Gentiana asclepiadea, seeds in some lucky people's gardens.

Cowslips, Primula veris, like nearly all primulas will seed very easily in the right conditions.
Others seed too much, and this is something which Cultivating Chaos does not really face up to, or that of creating dangerously invasively aliens. Effective self-seeders are classically pioneer plants, whose survival strategy is to cast vast quantities of seed around to ensure species survival in unstable and transitional environments. Some will become a nuisance. Early on, at Montpelier, I planted out Euphorbia rigida, which is a winter annual which produces a large head of small white yellow-green flowers. Fine, except that just before flowering time it tends to fall over, looking a right mess. I've spent years trying to get rid of it, but now with the garden very much fuller, the opportunity it has for seeding is much reduced, and seedlings which survive attempts at elimination face more competition perhaps – as they don't seem to fall over so much. So, it survives as a minor, and largely tolerated, element. 
Euphorbia rigida - can look good can't it?
Astrantia major varieties, all seeded from - originally pink/red, varieties.

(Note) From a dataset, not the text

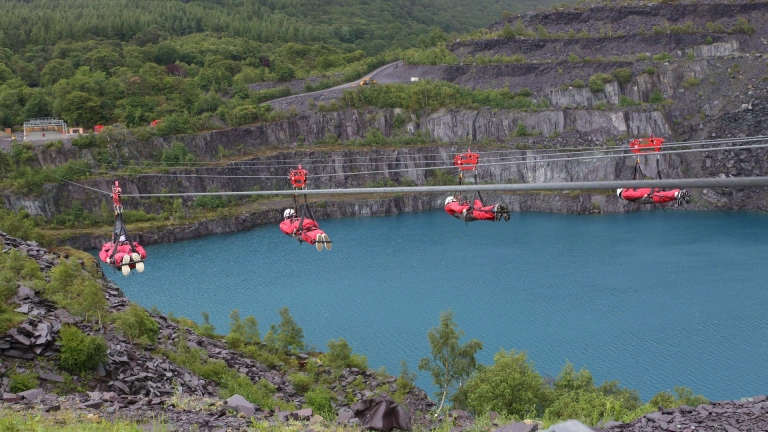 In einem ehemaligen Schiefersteinbruch bei Blaenau Ffestiniog, im Eryri (Snowdonia) Nationalpark, kann man auf der längsten Zipline Europas in drei Etappen die Berge hinuntersausen. Ein großartiges Abenteuer, das spektakuläre Ausblicke über die eindrucksvolle Schieferlandschaft der Region garantiert. Wem die Höhe nicht liegt, auf den wartete auf dem Gelände mit Bounce Below ein Abenteuer der Extraklasse: In einer ehemaligen gigantischen Höhle der Schiefermine kann man auf großen Trampolinen hüpfen und an Ziplines, Traversen und Höhlenwänden seine Kletterkünste und Geschicklichkeit unter Beweis stellen.

In view of what I have just said about the euphorbia, some self-seeders which went from interesting to annoying have become less annoying over time. One reason i think is that in the early years of the garden there was more space, so a few things, like Echinops bannaticus 'Taplow Giant' got enormous and were just a nuisance. Now I weed out most of its seedlings just letting a few grow, and since there is now so much more competition, they do not grow so big. This is a species which seems distinctly short-lived like many vigorous seeders, and so the self-seeding is needed if it is stay in the garden.
Meadowsweet, a locally native plant, spontaneous seedlings have to be watched; pretty for a few years but then so strongly spreading it needs removing.

Most unwanted seedlings can be hoed off or pulled out. Sometimes they can't, because, like fennel, they rapidly develop a deep taproot which needs digging out, or spraying out (except that that is never going to work in the winter). Molinia caerulea is another horror, as even small plants have a very dense wide-spreading and tough root system. Given half a chance they seem to be able to insinuate a profusion of seedlings in amongst other plants. In our heavy loam, all these that need digging out create quite a lot of work. So last week we dug out all the Molinia caerulea subsp. arundinacea types – the tall ones. I have written beforeabout my concerns over certain grasses becoming too aggressively self-seeding. This is something which we really do need to watch out for. Some are potentially very problematic.
Aquilegia vulgaris, the Queen of self-seeders, as they maintain amazing diversity as generations replace each other.
Telekia speciosa - one of those 'perennials' which lives for only a few years, and has to self-seed in the garden for it to survive. With us it seems to do so at the right kind of level.
Silene dioica, red campion, a vigorous self-seeder, but since it is almost summer dormant, it fits in well with summer flowering perennials, at least in our long Atlantic growing season.